Las Vegas Sun

May 3, 2024

Editorials:

Secrecy carried too far

President Bush, Vice President Dick Cheney insist visitor logs be kept under wraps

An effort is under way by the Bush administration to prevent people, including members of Congress, from learning who is meeting on a day-to-day basis with the president and vice president.

The fight is over records of visitors entering and leaving the White House and the vice president’s residence. These records are kept by the U.S. Secret Service, an agency that is subject to the Freedom of Information Act.

Because the White House’s own records are not subject to the law, members of Congress, reporters, members of advocacy groups and others who have wanted to review visitations have traditionally relied upon access to the Secret Service records.
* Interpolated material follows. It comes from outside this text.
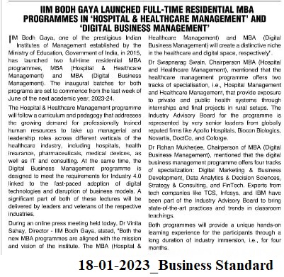 IIM Bodh Gaya launched full-time residential MBA programmes in 'Hospital & Healthcare Management' and 'Digital Business Management'

That has proved to be difficult with Bush in the White House, a fact learned by the group Judicial Watch in January 2006. It sent an FOIA request to the Secret Service, seeking logs that would show how many times the corrupt lobbyist Jack Abramoff had visited the White House. The group had to file a lawsuit before it could pry the records loose five months later.

Within days of turning over those records, White House officials internally adopted a policy that the Secret Service visitor logs would thereafter be secret. This information came to light only last fall, when the White House used the policy in court to justify withholding records from a group called Citizens for Responsibility and Ethics in Washington.

The group filed suit when records were withheld that would show how many times President Bush and Vice President Dick Cheney had met with certain high-profile Christian conservatives.

A federal court ruled the records were open. The administration appealed, and arguments were heard Monday. The federal appellate judges, while criticizing CREW for not addressing presidential powers in its lawsuit, seemed open to the point that Secret Service visitor logs are public.

One judge said if Bush could close Secret Service records he could close the records of other federal agencies, such as the budget office.

Our view is that Bush and Cheney should be stopped cold in their all-encompassing quest for secrecy. Classified material is one thing. But matters such as who’s stopping by for a meeting are altogether different.